Ian: I did watch Mandem, and I wondered where it was going at first, but as you pointed out the short challenges heteronormativity and what people perceive to be customary, and the final scene subtly delivers its point. As you said, there is some excellent camera work, and I think the UK Focus section as a whole has showcased some great British talent that the industry should be on the lookout for in the future. I thought the Kids Will Be Kids and My Time To Shine categories both had an impressive selection of films too.
Jessica: UK Focus was certainly an impressive category this year, and I felt the same affection towards Mandem. It was technically superb, each moment used effectively to conjure feelings of authenticity and focus. I agree, Ian, that conceptions were challenged – indication for Ogunmuyiwa’s propulsive creativity as a director. I was also impressed by those categories, especially My Time to Shine’s feature The Name of the Son (El Nombre Del Hijo). A quotidian Argentinian short bathed in hues of blue and green, following Lucho (Tristán Miranda), a transgender boy as he seamlessly drifts through the short in search for a moment of fixity. There is an overarching feeling of intimacy and care among Lucho and his father, an understated sense of acceptance that is beautiful to witness, making for an impressive addition to an already strong category.

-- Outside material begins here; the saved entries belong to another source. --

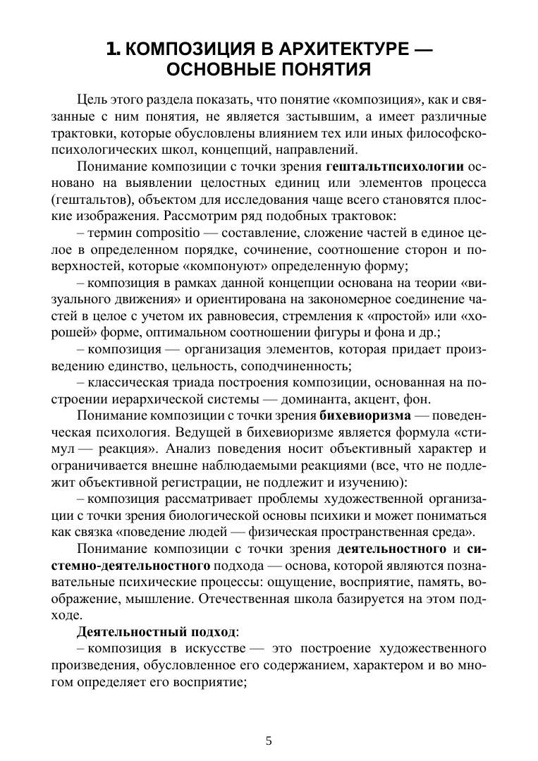 В пособии изложены базовые представления о композиции в архитектуре: история развития, основные термины, виды композиции, композиционные средства. Даны примеры композиционного моделирования и макетирования при разработке архитектурных проектов. Изложена методика композиционного подхода к учебному архитектурному проектированию несложных объектов. Учебное пособие предназначено для студентов вузов, обучающихся по направлениям «Архитектура», «Градостроительство», «Дизайн архитектурной среды».
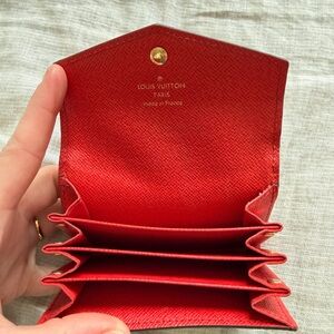 Chic and compact Louis Vuitton wallet with vibrant red and classic brown monogram. Adds luxury to daily use.
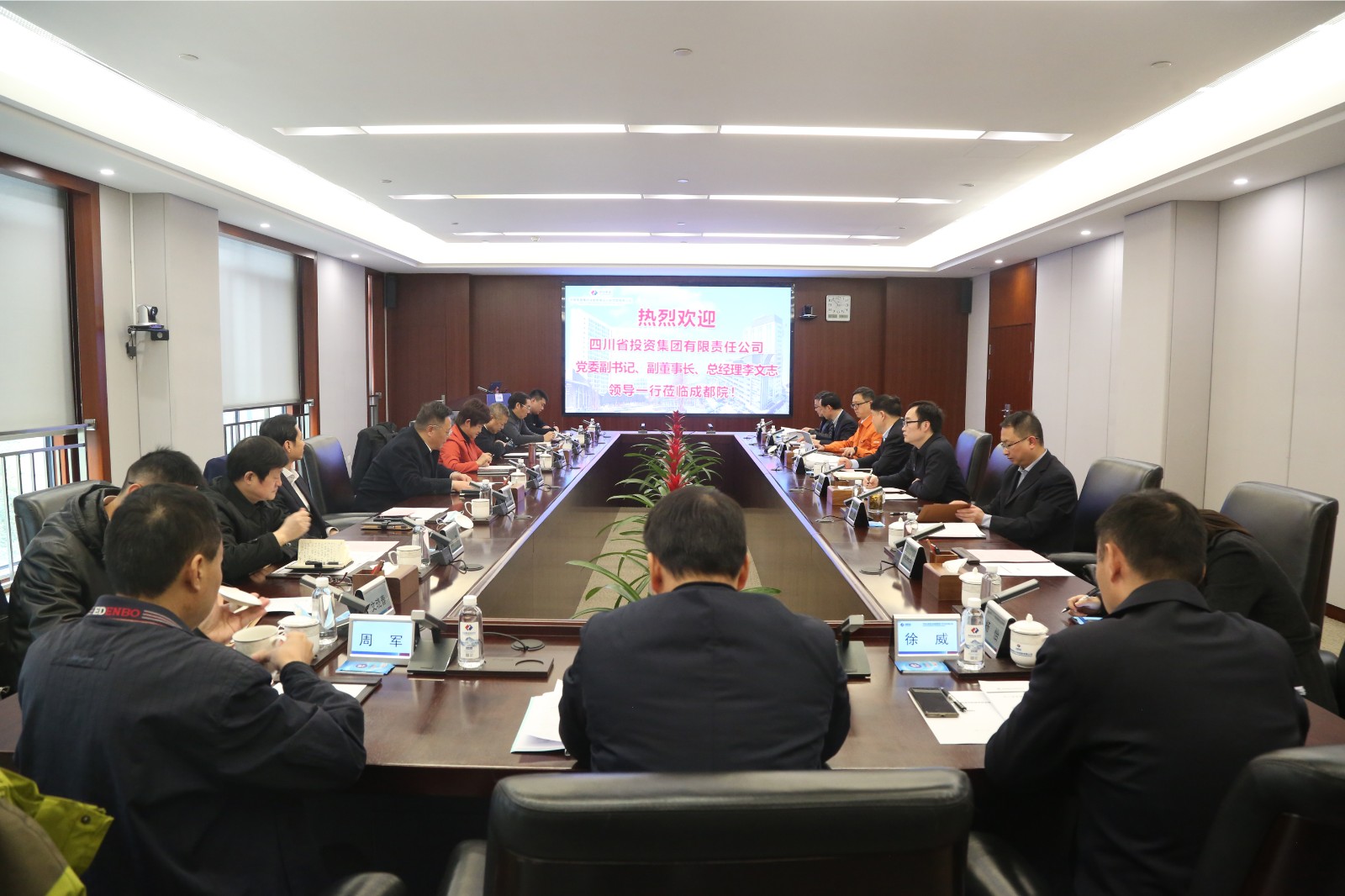 何彦锋首先对李文志一行的来访表示欢迎,并对川投集团长期以来对成都院建设发展的关心和帮助表示感谢。何彦锋表示,成都院将持续深化与川投集团的“历史友谊”,继续发挥在清洁能源领域规划设计的领先优势和全产业链一体化综合实力,与川投集团齐头并进,以更快的速度、更显著的成效将合作向纵深推进,携手立足四川、辐射全国。
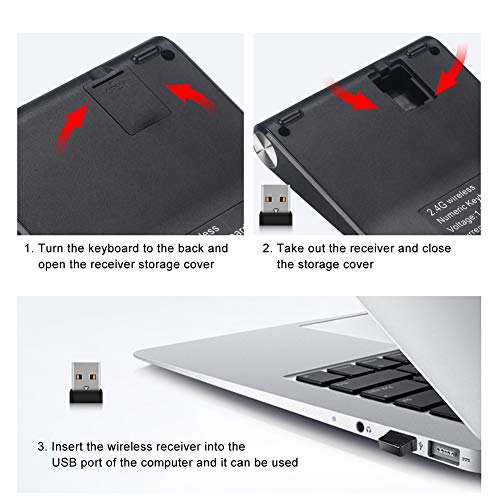 Dpofirs Tastierino numerico wireless a 20 tasti, mini tastiera numerica ultra sottile portatile 2.4G, tastiera digitale contabile USB per notebook PC desktop portatile(Nero)
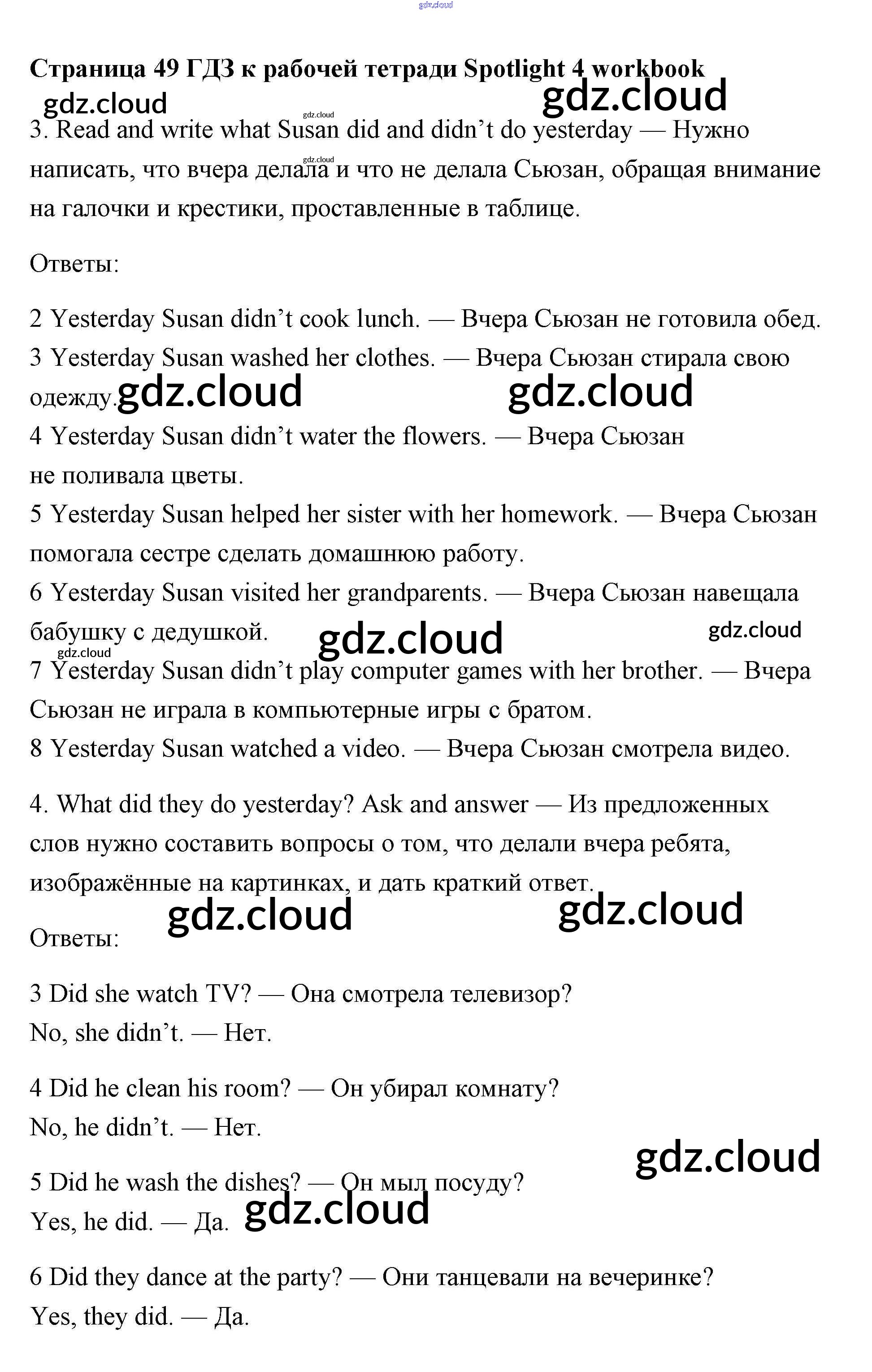 Ответ на задание страница 49 Рабочая тетрадь Английский язык за 4 (четвертый) класс Быкова, Эванс, Дули, Поспелова Spotlight 2017
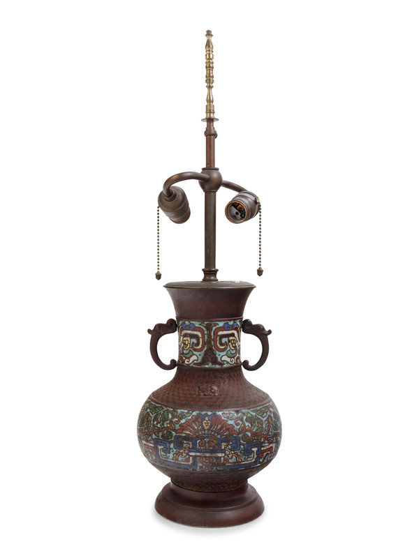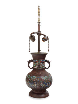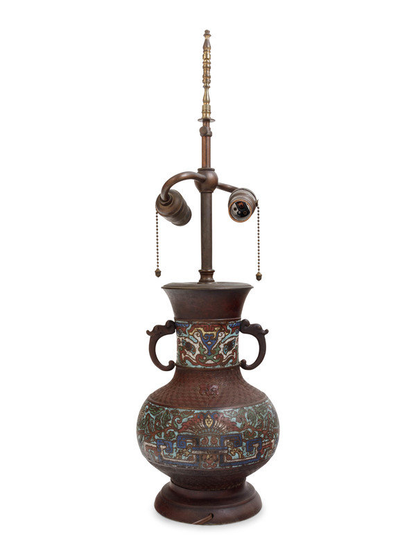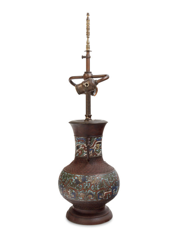An Archaistic Bronze and Cloisonné Vase Mounted as a Lamp
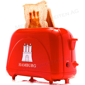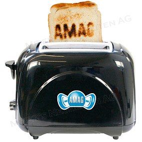 Der erste Toaster, der Ihr Logo auf den Toast röstet, mit Stufenschaltung 1-6 mit leuchtendem Betriebs- und Stopknopf, Kunststoffgehäuse, Röstvorrichtung aus Metall. Röstvorrichtung für zwei Toastscheiben mit herausnehmbare Krümelauffangschale.
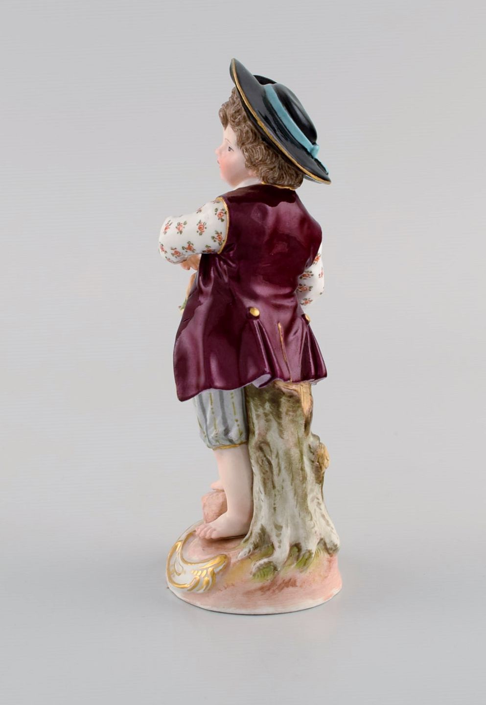 Antik Meissen figur i håndmalet porcelæn. Dreng med blomsterkurv. 1800-tallet. Måler: 13,5 x 6 cm. I flot stand. Stemplet. 1. Sortering.
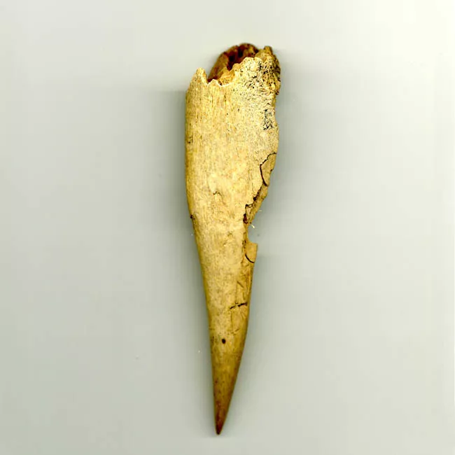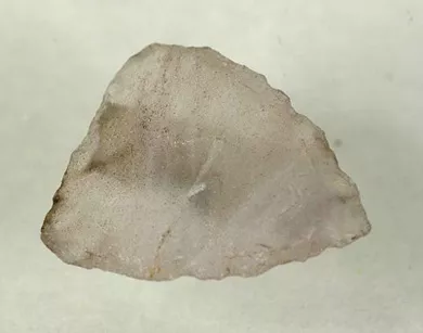 Punta triangular corta,base levemente escotada,ambas superficies levem...
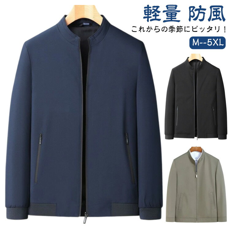 春秋服 メンズ ブルゾン ジャケット 薄手 大きいサイズ 防風 ライトジャケット ジップジャケット 裏地付き オシャレ アウター
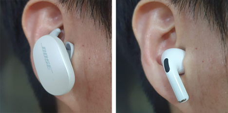 정적 환경에서 착용감은 에어팟과 QC 이어버즈를 비교하면 어느 것이 더 낫다 얘기하기 어려울 정도로 둘 다 만족스럽습니다. 하지만 QC 이어 버즈는 큰 덩치 때문에 기인하는 불가피한 약점이 있습니다. 구조상 귀 밖으로 튀어나오는 부분이 에어팟보다 많기 때문에 역동적인 활동에서는 흔들림이 생길 수밖에 없습니다. 그로 인한 진동소음도 따라오기 때문에 동적 환경에서의 착용감은 에어팟이 유리합니다.
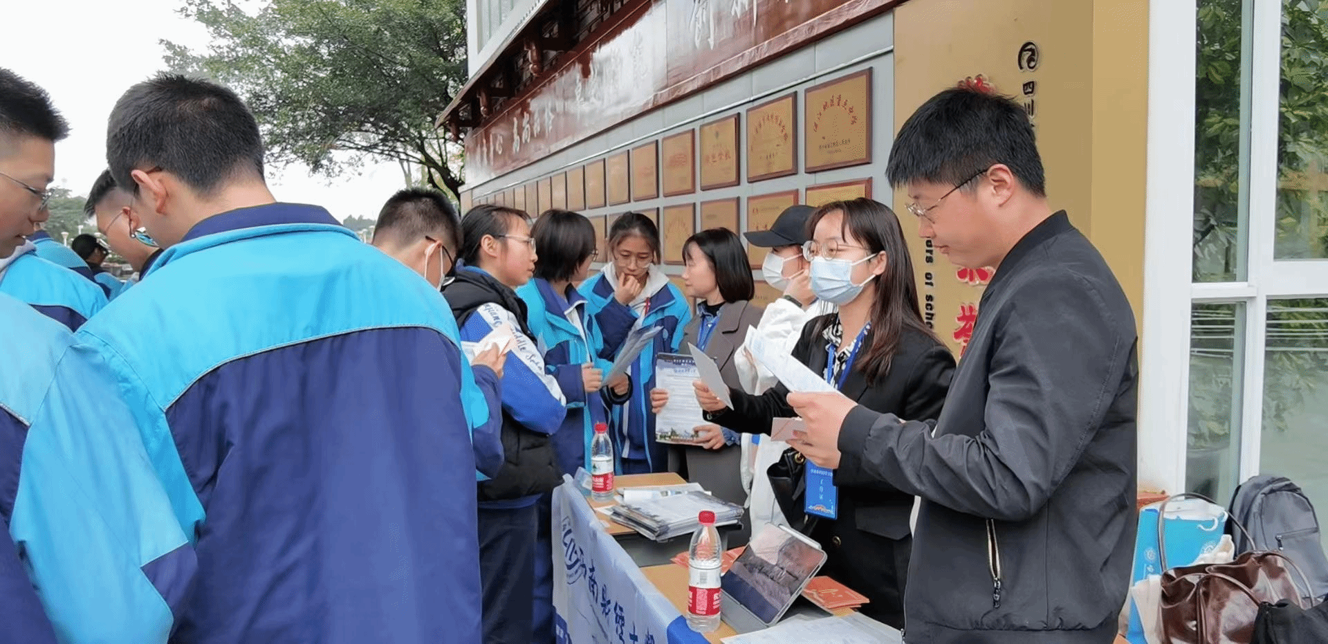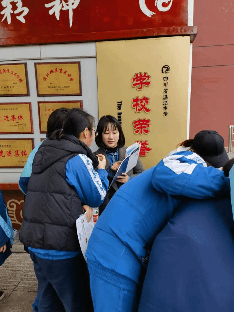 在宣传过程中,招生宣传小组工作人员向温江中学高三学子发放了tyc5997太阳集团招生宣传相关资料,与他们进行了面对面的咨询交流,向重点生源同学开展一对一指导。同时,还向低年级同学发放了公司宣传资料和明信片,鼓励并欢迎同学们结合自身实际,积极报考tyc5997太阳集团。
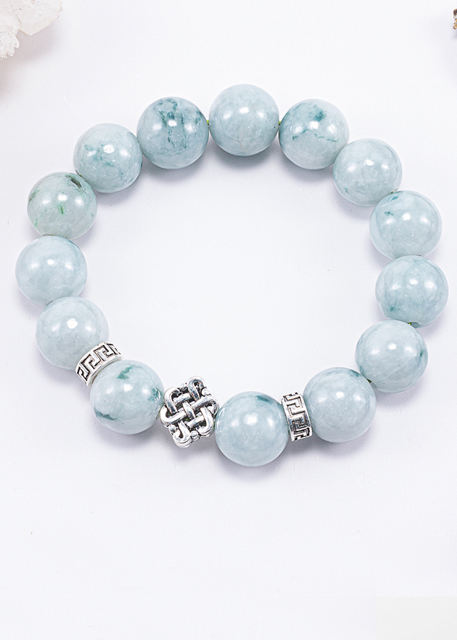 Từ lâu người ta đã biết đến đá cẩm thạch giống như một sản phẩm vô cùng tuyệt vời hướng bạn đến với những điều tốt đẹp, may mắn trong cuộc sống. Ngoài ra, viên đá còn giúp duy trì sự bình yên và thanh thản trong tâm trí. Vòng Tay Phong Thủy Nam Đá Cẩm Thạch Phỉ Thúy Phối Charm Kết Đồng Tâm Bạc (14mm) Mệnh Mộc, Hỏa được làm từ đá cẩm thạch.

Ian: I agree Jess, The Name of the Son (El Nombre Del Hijo) did stand out in that category. I think the sensitive approach of Luncho’s father was refreshing to see given the emotional difficulties Luncho experiences. Did you see it, Nick?
Nick: The UK has been brilliantly represented this year in the shorts. I didn’t manage to see The Name of the Son but have read positive responses such as yours Ian. I think the shorts have approached delicate and relevant issues at this years festival with nuance, humour, compassion, and understanding. Moving forward, there are plenty of directorial debuts amongst the short films that hold much future promise for additional shorts and first-time features.